Den Wunsch, dieses Format wiederaufleben zu lassen, bekundete die NATO und nicht Russland. Jens Stoltenberg hat in diesem Jahr bereits mehrfach vorgeschlagen, eine Tagung des Rates durchzuführen. Charakteristisch ist, dass, als das NATO-Informationszentrum, das in Moskau unter anderem für die arbeitsseitige Absicherung solcher Treffen zuständig war, Anfang November seine Arbeit auf Initiative der russischen Seite einstellte, man in Brüssel beschloss, seine Funktionen nicht an die Vertretung der Europäischen Union zu übergeben. Folglich hoffte man dort, dass die Kontakte Moskaus und der Allianz in Bälde in der einen oder anderen Form wiederaufgenommen werden.
Russland hatte aber seinerseits demonstrativ den Kontakten mit den USA und nicht mit der NATO den Vorzug eingeräumt. In dem bereits erwähnten Interview für den TV-Kanal RT hatte sich Lawrow recht scharf über Stoltenberg und dessen Arbeit geäußert. Der NATO-Generalsekretär würde nach Aussagen des russischen Außenministers „ständig irgendwelche nicht sehr adäquate Erklärungen“, die Russland betreffen würden, abgeben. Und überhaupt wäre es für den Generalsekretär nicht schlecht, wie Lawrow ironisch oder gereizt sagte, sich Gedanken über einen Job-Wechsel zu machen.

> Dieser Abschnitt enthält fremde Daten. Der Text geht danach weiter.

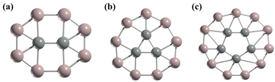 - Zhai, H.J.; Alexandrova, A.N.; Birch, K.A.; Boldyrev, A.I.; Wang, L.S. Hepta- and Octacoordinate Boron in Molecular Wheels of Eight- and Nine-Atom Boron Clusters: Observation and Confirmation. Angew. Chem. Int. Ed. 2003, 42, 6004–6008. [Google Scholar] [CrossRef] [PubMed]

Die Bereitschaft, die Einberufung einer Tagung des NATO-Russland-Rates (voraussichtlich am 12. Januar – Anmerkung der Redaktion) zu erörtern, belegt, dass Moskau die Allianz nicht abschreibt. Dennoch verknüpft es mit ihr aber auch keine überzogenen Erwartungen. Bisher ist offiziell das Datum für ein Treffen von Vertretern der USA und Russlands nicht bekanntgegeben worden, obgleich sich am Dienstag die Informationen bezüglich des 10. Januars verdichteten. Aber der russisch-amerikanische Track ist, wenn man anhand der Erklärungen russischer offizieller Vertreter urteilt, unter den drei Tracks für die Erörterung der russischen Sicherheitsvorschläge der wichtigste und bestimmende.